[FISEA’93] Paper: Rich Gold – Art in the Age of Ubiquitous Computing

Abstract

1) Sensuous works that can hear, see, feel, touch, smell, know where they are, who is in the room, where their owner is, what’s going on and what went down.
2) Reactive works that can change their skins, activate motors, laugh, cough, blow bubbles, make sounds, sing and tell jokes.
3) Communicative works that whisper, lie, conspire, kibitz, talk and gossip together.
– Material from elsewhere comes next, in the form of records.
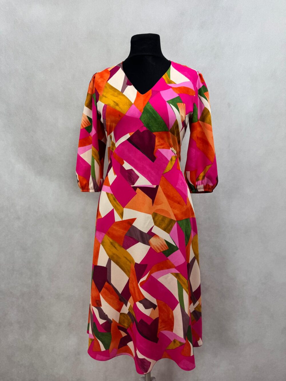 Tieto pestrofarebné šaty zaujmú na prvý pohľad svojou energiou a hravosťou farieb. Výrazný geometrický vzor v odtieňoch fuksiovej, oranžovej, zelenej a krémovej pôsobí sviežo a moderne. Vďaka príjemnému strihu a splývavej viskóze sa šaty nosia ľahko a prirodzene – ideálne na dni, keď chcete byť neprehliadnuteľná, či už v meste, na oslave alebo letnom podujatí.
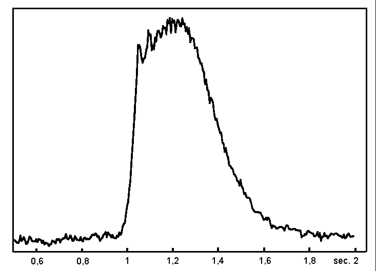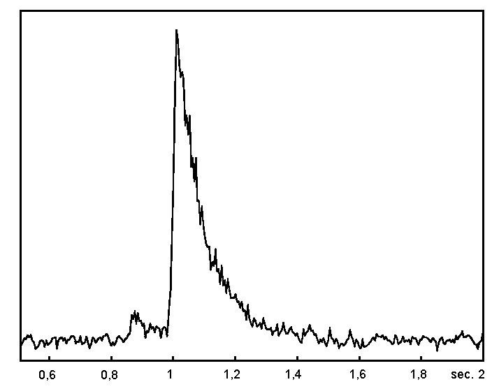 | La conformazione degli echi ricevuti, sono evidenziati nei grafici delle figure 4, 5, 6 del primo sistema di acquisizione e rappresentano le caratteristiche più importanti nella tipologia delle particelle meteoriche che entrando nell'atmosfera e vaporizzando a secondo della loro composizione e dimensione, lasciano come eco di riflessione. Queste si possono dividere in meteora ipodensa, meteora iperdensa corta e meteora iperdensa lunga. |
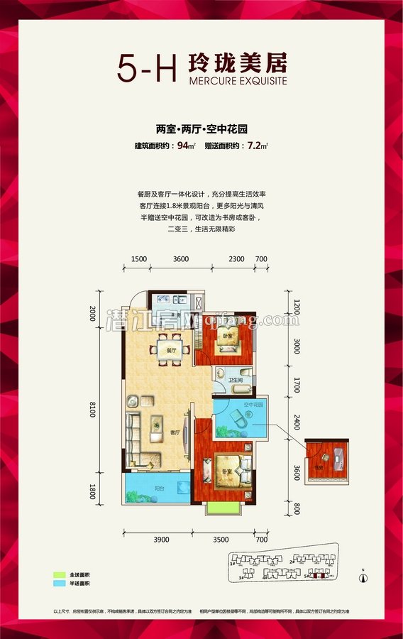 餐厨及客厅一体化设计,充分提高生活效率 客厅连接1.8米景观阳台,更多阳光与清风 半赠送空中花园,可改造为书房或客卧 二变三,生活无限精彩
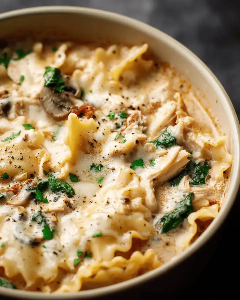 In summary, this creamy chicken lasagna soup is a delightful twist on traditional lasagna that combines convenience with comfort. With its rich flavors and hearty ingredients, it's perfect for busy weeknights or when you're craving something special. Give it a try, and bring a cozy meal to your table!
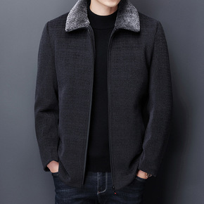 中老年商务休闲羊毛领植绒夹克2022冬季新款羊羔绒加厚爸爸装大衣
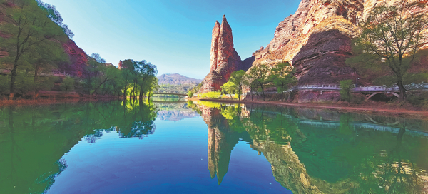 The recommended way to reach the temple is to take a shuttle boat from one of the reservoir's piers, which allows visitors to see the natural spectacle of the clear green water of the Yellow River merging with the yellow murk of the Tao River.
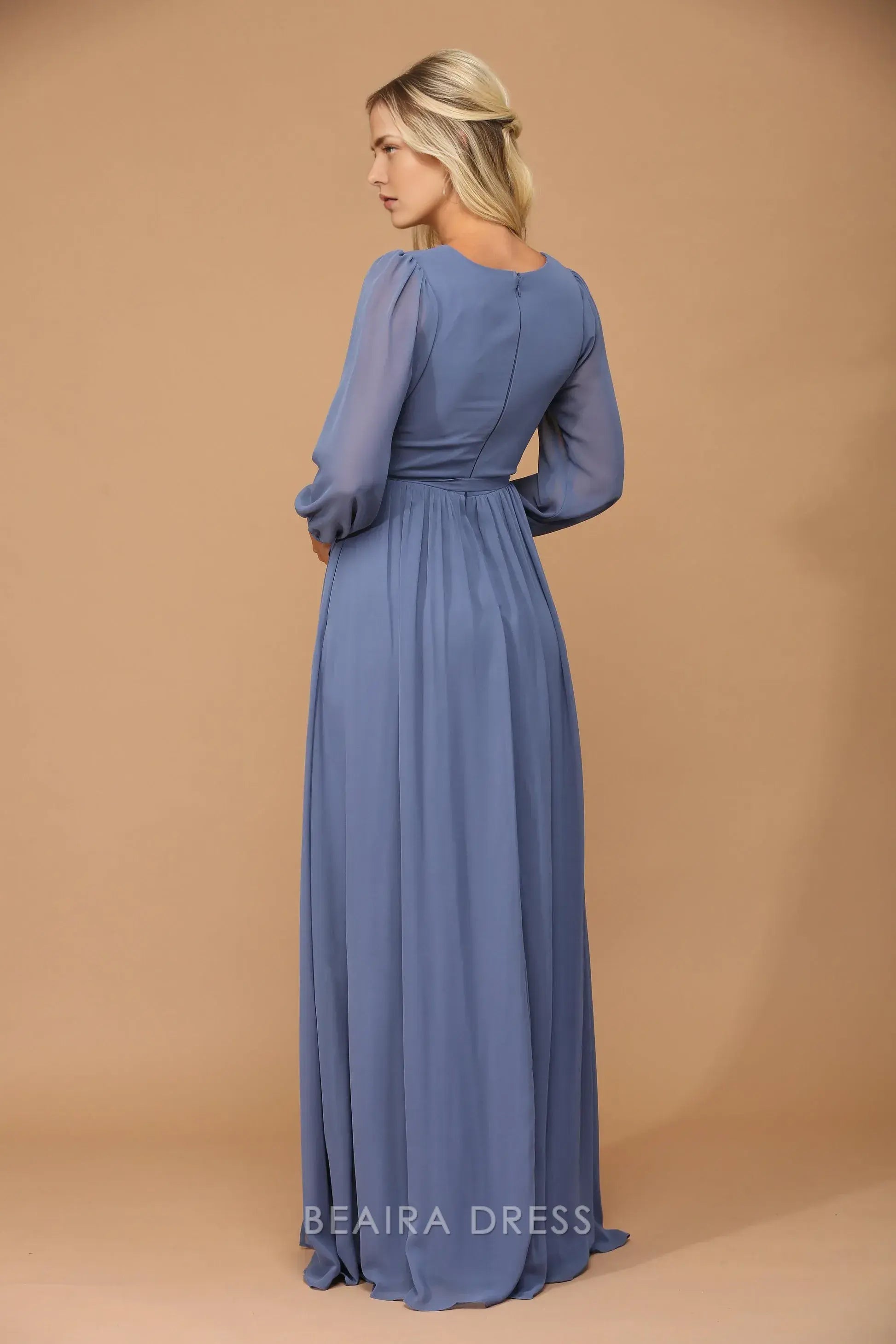 Embrace elegance with Beaira's long sleeve chiffon wrap maxi dress. The lightweight chiffon fabric flows beautifully, while the wrap design and tie waist create a flattering silhouette. Long sheer sleeves add a touch of sophistication, making it perfect for weddings,prom, bridal showers, or other formal events.

These works exchange information, knowledge, insults, truths, untruths, random thoughts and tall-tales.
4) Tacit works that are invisibly embedded in daily life, Works that become habitual and relied on, forgotten about (like riding a bicycle) or deeply integrated (like a contact lens).
5) Colonizing works that inhabit all of our daily goods, camouflaged as it were, in simple commodities and enspiriting the landscape with minor gods, clever deities and unusual ghosts.

Art in the age of Ubiquitous Computing will not be in galleries; rather, we will live within its general hubbub.

notes:
Mark Weiser: The Computer for the 21st Century, Scientific American, September 1991.
Wellner, Mackay, Gold (e&ors): CACM Special Issue on ‘Computer Augmented Environments’, July 1993.